Everything went according to plan until she cracked an egg on the counter. A bit confused, I held the egg in my little hands and cracked it open on my head. After washing away the sticky egg, my grandmother waited a few years for me to mature before resuming our Chebureki lesson.

Chebureki: A love language

To my family, this recipe is more than a delicious set of instructions. Chebureki days were always a cause for celebration, given their amazing taste and how infrequently they were served.

The game my mother invented inspired by my grandmother’s recipe is a testament to its importance in my family. Whenever I missed Chebureki or needed cheering up, my mother would tap my head as if cracking an egg, playfully squeeze my cheeks to mimic kneading dough and make me into a Chebureki. My transformation into the perfect pastry brought joy and laughter, almost as much as eating the real thing.
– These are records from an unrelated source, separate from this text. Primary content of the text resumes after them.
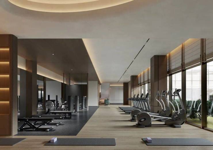 约1500㎡酒店式归家会所丨高奢酒店式归家大堂,规划轻氧健身、律动瑜伽、高奢会客、休闲书吧等社交空间,礼遇私域圈层。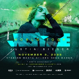 Justin Bieber telah resmi mengumumkan jadwal tur dunia terbarunya yang bertajuk “Justice World Tour” dan akan singgah ke Jakarta, Indonesia pada tanggal 3 November 2022 di Stadion Madya, Gelora Bung Karno.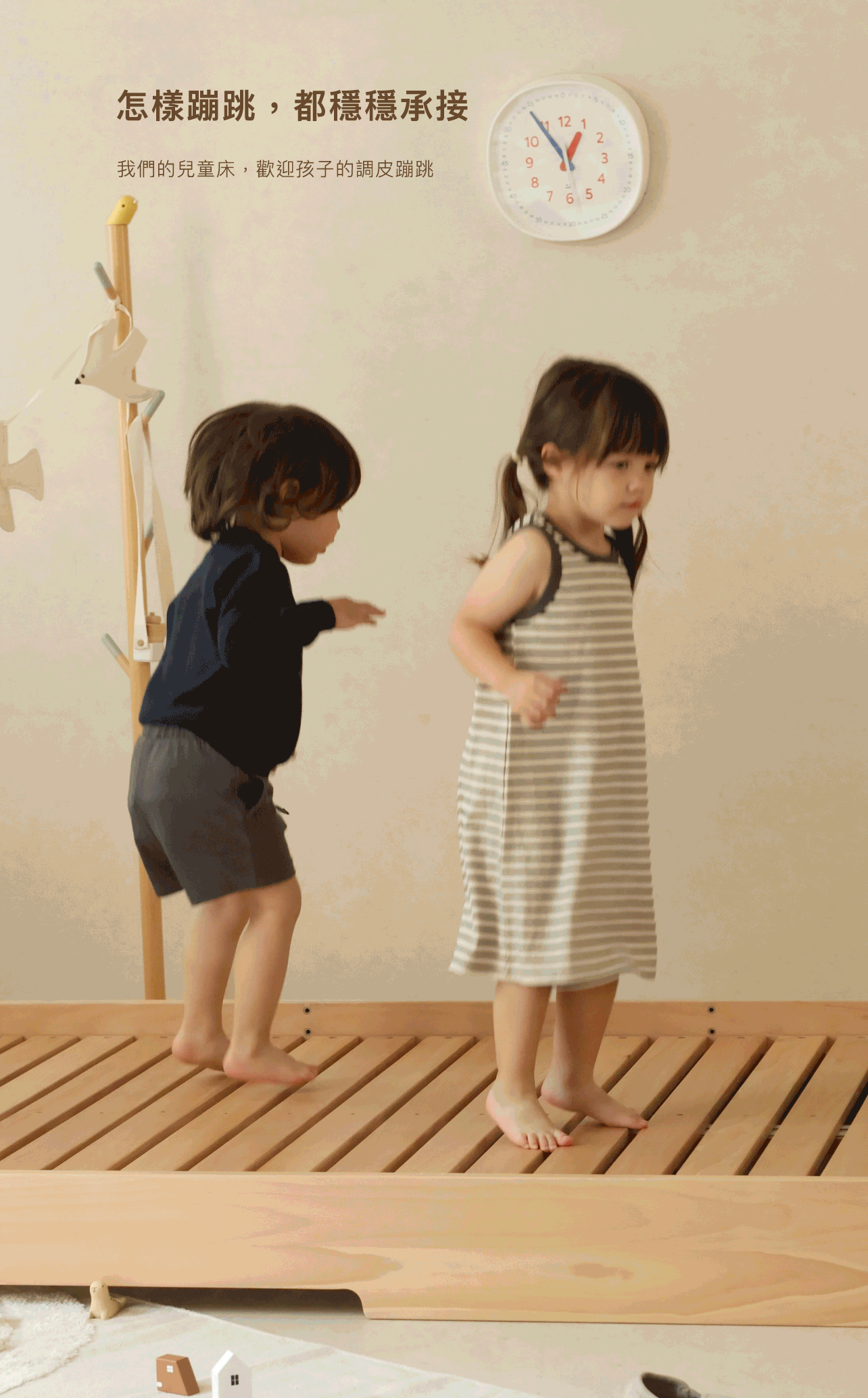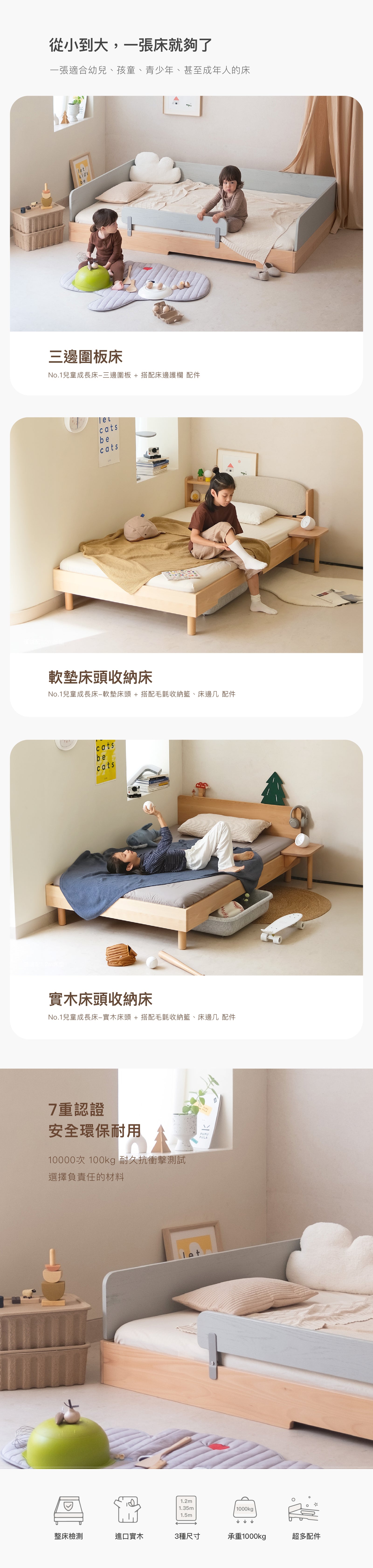 一張床,11款配件,90種變化:No. 1 兒童成長床 為成長中的小朋友及變化中的家庭設計,從地板床到普通高架床,都能夠透過配件搭配滿足新的需求。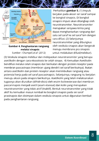 asetilkolin dengan cara eksositosis ke celah sinaps. 4) Kemudian Asetilkolin

My grandmother put so much time and effort into preparing this dish, it was a token of her love. The dough and filling she made from scratch never failed to fill us with joy. Now well into her 80s, my grandmother doesn't get into the kitchen as often, but we still made Chebureki together right before I left for college. It was a memorable and cherished experience for both of us.

Is it worth the effort?

In short, absolutely. Though it takes my Turkish grandmother hours to make Chebureki, the exorbitant effort is clear from the first bite; the soft crunch of the fried dough, the juicy drippings of beef, the unbeatable balance between the airy and rich components. 
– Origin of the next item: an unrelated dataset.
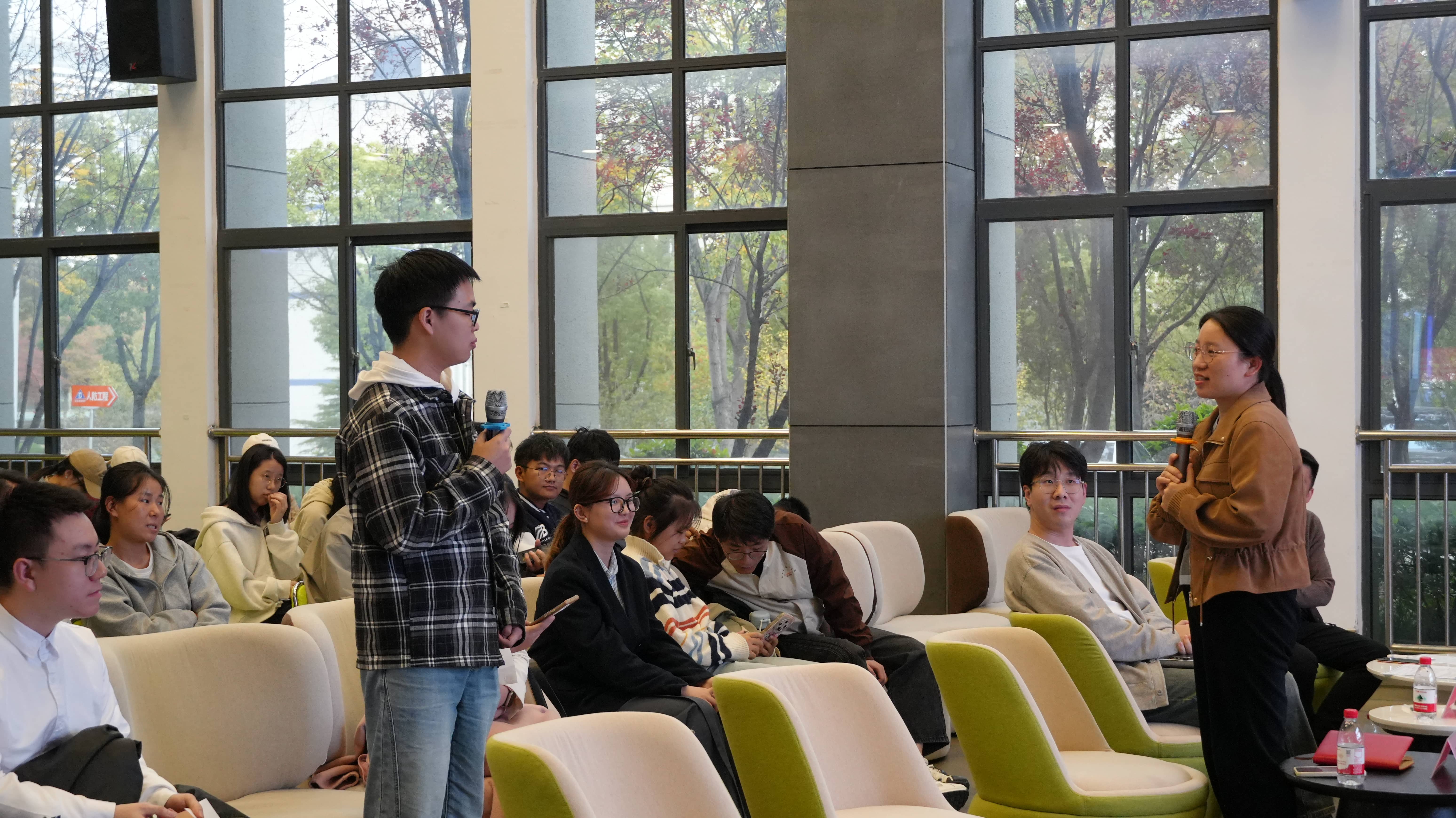 接着,活动进入核心环节——面试模拟与HR点评。多位同学走上舞台,直面名企HR,接受“真枪实弹”的模拟考验。现场还原真实求职场景,5位学生一一上台参与管培生、销售培训生和理科教师等岗位面试。面试结束后,伊利集团液态奶事业部张亚平、李巧,安徽万邦医药科技股份有限公司翟佳琰,合肥欧力杰智能装备系统有限公司刘成和合肥新东方培训学校佘嘉涛对学生的面试细节进行一一点评。结合学生表现,从简历优化、自我介绍、未来职业规划、对企业的充分了解、面试礼仪与形象等方面进行专业点评与指导,给予学生针对性的意见和建议。活动尾声,现场观摩学生踊跃提问,与HR深入交流。

With a name that translates to "tasty pastry" in Crimean Tartar language, Chebureki really is that good. For your own phenomenal, meaty indulgence, try your hand at my grandmother's traditional recipe.


  • Prep Time:2 hrs 30 mins
  • Cook Time:20 mins
  • Total Time:2 hrs 50 mins
  • Servings:6
  • Medium


  • 3 cups flour
  • 1 cup warm water
  • 1 teaspoon salt
  • 1/2 tablespoon vinegar
  • 1 egg
  • 300 grams ground beef
  • 1 large onion
  • 1/2 cup water
  • 1 teaspoon salt
  • 1 teaspoon pepper
  • 1 cup oil
Deniz Yoruk
  • Step 1

    Sift 3 cups of flour and 1 teaspoon of salt into a large bowl. Crack one egg on top of the dry ingredients.

  • Step 2

    Slowly add 1 cup of warm water to the dry mixture, along with 1/2 tablespoon vinegar. Knead the dough until no longer sticky.

  • Step 3

    Cover the bowl with a cloth and let the dough rest for one hour.

  • Step 4

    While the dough rests, grate a large onion in a mixing bowl.

  • Step 5

    Add half cup of water, salt, pepper and ground beef into a large bowl and combine well.

  • Step 6

    Take a walnut-sized piece of the dough and roll it out with a rolling pin until 7-8 inches in diameter. Use extra flour to prevent sticking.

  • Step 7

    Add one tablespoon of the meat filling to the dough and distribute evenly using your hands.

  • Step 8

    Put water along the edges of the dough and fold the dough in half into a semicircle. Pinch the dough around the edges to seal.

  • Step 9

    Heat oil and deep fry the Cheburekis for 3-4 minutes, flipping halfway, until both sides are golden brown. Serve fresh for guaranteed deliciousness!